One of the key economic questions facing industrialized nations such as Canada is: Can we ever sell enough to the low-income consumers of the developing world to make up for the manufacturing base that we’ve lost to them?

A recent article on Procter & Gamble (or P&G as it’s now known) at Fortune.com offers some reassuring news on this front. The Cincinnati-based consumer-products giant has launched a campaign targeting the $2-a-day consumer, and its researchers are touring the globe to find out how people in developing countries use personal-care products.

In China, for instance, three P&G executives and scientists trekked to a tiny village to watch a young potato farmer wash her long black hair – using no more than three cups of water. From the jungles of Brazil to the slums of India, the $80-billion company is now searching for new-product ideas that will help it serve 800 million new consumers by 2015.

Probably the biggest lesson the researchers have learned is that it doesn’t matter how much money they have: even the poorest consumers want to look better and feel younger. Fortune quotes Cindy Graulty, a scientist heading up P&G’s $2-a-day initiative, who maintains, “It’s a myth to say poor people only want function. They care about beauty. Just like us.”

P&G’s crusade speaks to the potential of globalization: the creation of custom consumer goods to meet the new needs of poorer people slowly clambering up the development ladder.
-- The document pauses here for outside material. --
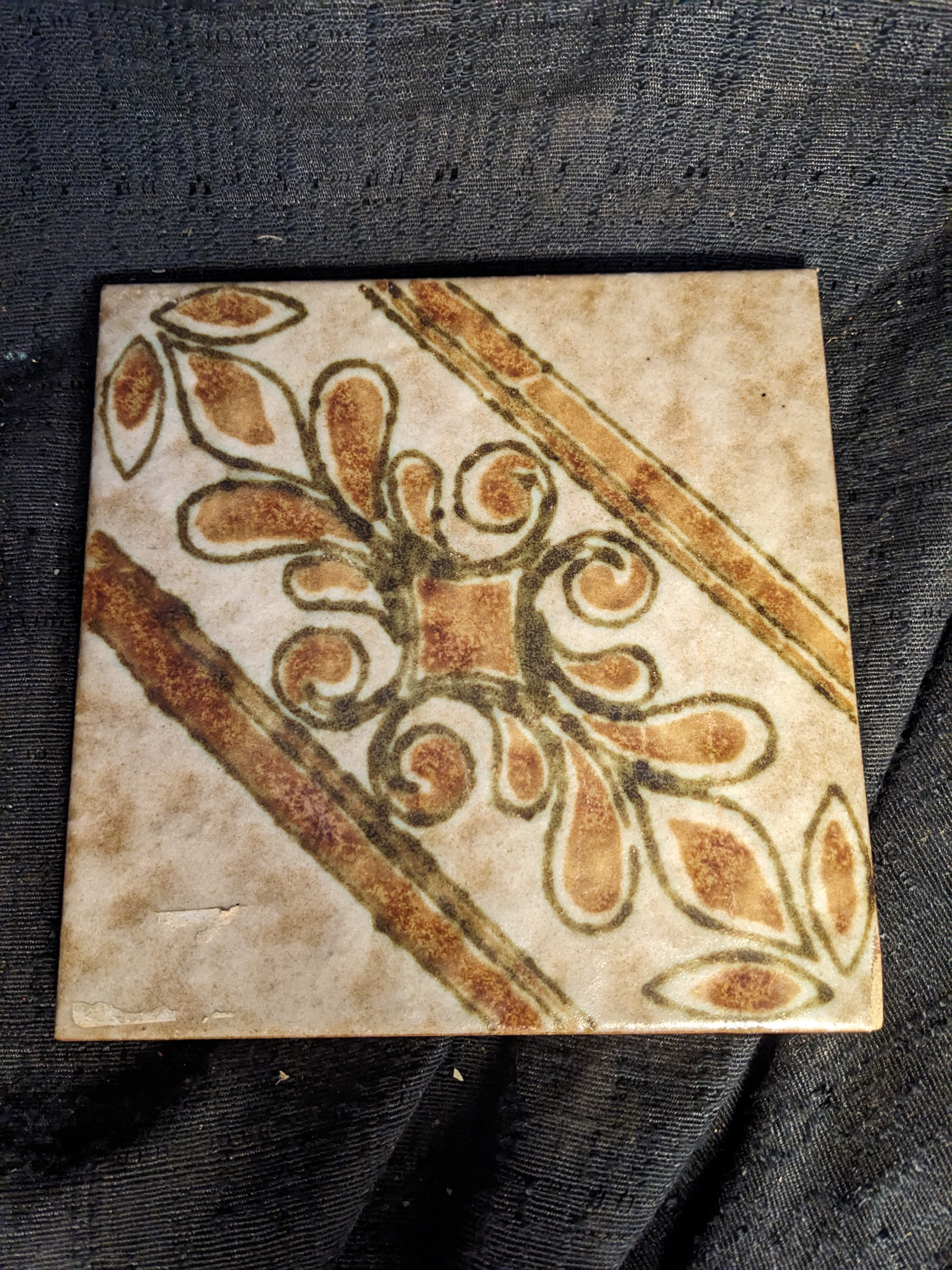 This tile is stunning! Warm toned with a green and orange floral motif in the center, it is ready to be used as a statement piece in your next tiling project or could be repurposed for wall art or other projects. It measures 6 x 6. Pictures may be representative.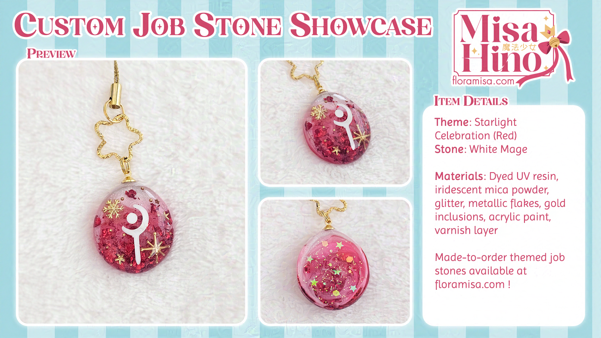 A custom job stone inspired by the Final Fantasy XIV in-game holiday, Starlight Celebration. This listing is for the gold metal version, but a silver one is available as well. I can use any color for the glitter if you prefer one that isn't shown in the preview image (please leave a note in your order).

While few Canadian companies may wish to compete in the soap, toothpaste and shampoo markets, P&G’s initiative demonstrates the numerous opportunities available from marketing to what used to be called the “third world.” Canada’s expertise in construction, design, home-building, telecom, and food production could all find new markets in these developing countries – if Canadian entrepreneurs head up similar initiatives and shoulder the same type of commitment as the makers of Head & Shoulders.